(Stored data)
::::
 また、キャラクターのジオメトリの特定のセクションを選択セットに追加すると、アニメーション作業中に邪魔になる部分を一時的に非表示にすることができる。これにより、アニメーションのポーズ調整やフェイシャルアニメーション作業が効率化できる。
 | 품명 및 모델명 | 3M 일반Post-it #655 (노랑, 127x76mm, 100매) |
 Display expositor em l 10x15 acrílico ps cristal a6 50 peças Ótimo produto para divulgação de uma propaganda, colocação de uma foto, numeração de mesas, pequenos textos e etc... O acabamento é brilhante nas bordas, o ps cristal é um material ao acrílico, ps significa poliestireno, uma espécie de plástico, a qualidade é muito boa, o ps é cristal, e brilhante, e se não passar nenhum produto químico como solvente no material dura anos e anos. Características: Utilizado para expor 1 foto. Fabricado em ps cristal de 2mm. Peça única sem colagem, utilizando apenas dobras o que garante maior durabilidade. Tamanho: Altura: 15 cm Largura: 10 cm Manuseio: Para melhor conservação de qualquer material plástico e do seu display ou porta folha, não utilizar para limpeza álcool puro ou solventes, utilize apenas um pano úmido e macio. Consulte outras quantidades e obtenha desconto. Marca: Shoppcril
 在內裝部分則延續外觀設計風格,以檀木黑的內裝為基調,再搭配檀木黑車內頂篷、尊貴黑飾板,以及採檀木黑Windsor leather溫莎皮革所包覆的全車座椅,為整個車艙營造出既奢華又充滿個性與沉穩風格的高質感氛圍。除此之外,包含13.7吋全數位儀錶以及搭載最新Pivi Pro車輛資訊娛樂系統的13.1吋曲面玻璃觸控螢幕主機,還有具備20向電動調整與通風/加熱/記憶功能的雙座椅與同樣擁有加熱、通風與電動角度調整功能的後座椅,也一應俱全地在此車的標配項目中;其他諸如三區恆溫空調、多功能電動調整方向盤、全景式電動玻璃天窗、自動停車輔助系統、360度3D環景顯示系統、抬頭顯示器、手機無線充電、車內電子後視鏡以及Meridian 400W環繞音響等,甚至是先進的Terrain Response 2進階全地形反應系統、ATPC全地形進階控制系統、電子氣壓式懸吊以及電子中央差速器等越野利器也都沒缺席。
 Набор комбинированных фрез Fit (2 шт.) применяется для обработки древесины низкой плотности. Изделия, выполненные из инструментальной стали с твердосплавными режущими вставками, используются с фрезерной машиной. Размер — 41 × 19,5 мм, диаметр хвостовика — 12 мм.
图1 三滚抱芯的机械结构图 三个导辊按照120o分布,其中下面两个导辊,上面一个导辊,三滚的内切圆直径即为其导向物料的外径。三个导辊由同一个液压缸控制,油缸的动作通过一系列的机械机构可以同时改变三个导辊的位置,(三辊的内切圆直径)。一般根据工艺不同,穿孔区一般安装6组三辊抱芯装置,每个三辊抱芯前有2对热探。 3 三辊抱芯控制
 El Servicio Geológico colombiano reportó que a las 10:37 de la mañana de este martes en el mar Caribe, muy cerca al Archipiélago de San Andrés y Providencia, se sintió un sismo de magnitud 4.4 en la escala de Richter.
::::
■ **Directions for this task**
Could you retype exactly the lines from the first one of the records through the line containing "127x76mm, 100매) |", both included, and nothing more?

■ **Output below**
 また、キャラクターのジオメトリの特定のセクションを選択セットに追加すると、アニメーション作業中に邪魔になる部分を一時的に非表示にすることができる。これにより、アニメーションのポーズ調整やフェイシャルアニメーション作業が効率化できる。
 | 품명 및 모델명 | 3M 일반Post-it #655 (노랑, 127x76mm, 100매) |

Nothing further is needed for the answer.